Integrating Treatment in Eating Disorders
By Phillipa J. Hay, M.D.
July 1, 2002
Dr. Hay is a senior lecturer with University of Adelaide in Australia and senior consultant psychiatrist to Royal Adelaide Hospital. She has longstanding research and clinical interests in eating disorders, in particular, their epidemiology and evidence for their treatments.
In contrast, for bulimia nervosa, the use of medication--most commonly antidepressants--in combination with psychotherapy is often useful, and there are now several published randomized, controlled trials. A recent meta-analysis (summarized in Table 2) found that where antidepressants are combined with focused psychotherapies and compared with either antidepressants alone or with psychotherapy alone, the combination is favored (Bacaltchuk et al., 2001).

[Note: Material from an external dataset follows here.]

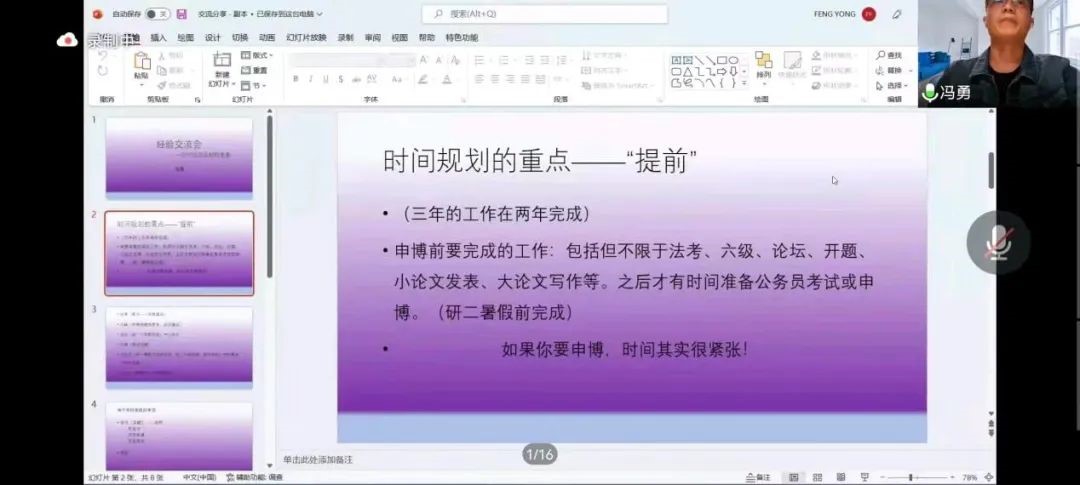 会议开始,主持人于游老师就三位员工的基本情况及学业经历作简要介绍。南开大学法学博士、2019级员工冯勇以“南开大学申请考核制”为例,从考博时间规划、材料准备等方面作经验分享。冯勇员工强调,申请博士前期需做好相关的时间规划,尽早完成硕士阶段毕业要求。对于申请考核阶段的准备,冯勇员工表示,应重视对于考核申请表的书写,建议同学们结合自身实际情况、导师研究方向以及导师的理论观点来进行书写。

How medications and psychotherapies--biological and psychological--act together to give a better outcome is unknown, but it is a phenomena not confined to eating disorders. For example, in obsessive-compulsive disorder, brain imaging changes have been reported to occur following psychological treatments (Schwartz et al., 1996). Whether similar effects occur in the treatment of patients with bulimia nervosa is speculative, but reports by Hirano and colleagues (1999) and Kaye and colleagues (2001) support further exploration of the biological mechanisms in treatment and the mode of synergy of combination therapies. In addition, the effect of antidepressants has been found across a number of trials in study subjects most often without comorbid severe depression (Bacaltchuk et al., 2000). This supports there being a specific effect in bulimia nervosa, not merely a general effect on depressive symptoms.
In these meta-analyses, however, non-completion rates are high in the groups where medications are included compared to those that have psychotherapy alone. This suggests that patients find antidepressants less acceptable than psychotherapy. Why this should be so has not been rigorously explored in treatment studies. One possibility is because of greater side effects, but it could also be because taking tablets lacks credibility for patients. It is known that a range of important personal and social-cultural factors are likely to contribute to the etiology of bulimia nervosa and similar disorders (e.g., Fairburn et al., 1998; Fairburn et al., 1997). Thus, treatments (such as CBT or interpersonal psychotherapy) that appear to address these issues are easy to explain to patients with respect to their theoretical underpinnings. Similarly, however, as already noted, there is evidence that biological mechanisms such as possible serotonin depletion (Kaye et al., 2001) are likely to also be important. Whether these changes are a cause or consequence of bulimia nervosa is unclear, but they do provide some rationale for the use of, for example, the SSRIs in the treatment of bulimia nervosa.
There are several instances where I have found it most useful to integrate an antidepressant and psychotherapy, which accords with other opinion (Garfinkel and Walsh, 1997). (I commonly use the staged and manualized form of CBT as described by Wilson et al., 1997). The first is in cases of very frequent and severe binge-eating and the antidepressant aids reduction in bingeing to a point where the patient has a greater capacity to engage in psychotherapy. This is similar to the second instance, in which the patient suffers moderate to severe depressive symptoms. The third most common situation in which I use antidepressants is when patients have made some improvement with CBT but moderate eating disorder symptoms remain. Finally, when specialized psychotherapeutic help is difficult for patients to access, primary care physicians often may commence antidepressants while awaiting a specialist opinion.
While the evidence for integrating treatments in eating disorders is not strong, there is sufficient evidence to support combining antidepressant and psychotherapies in the active treatment of bulimia nervosa. This may, however, be at the cost of people withdrawing from treatment, due possibly to side effects or the lack of treatment credibility.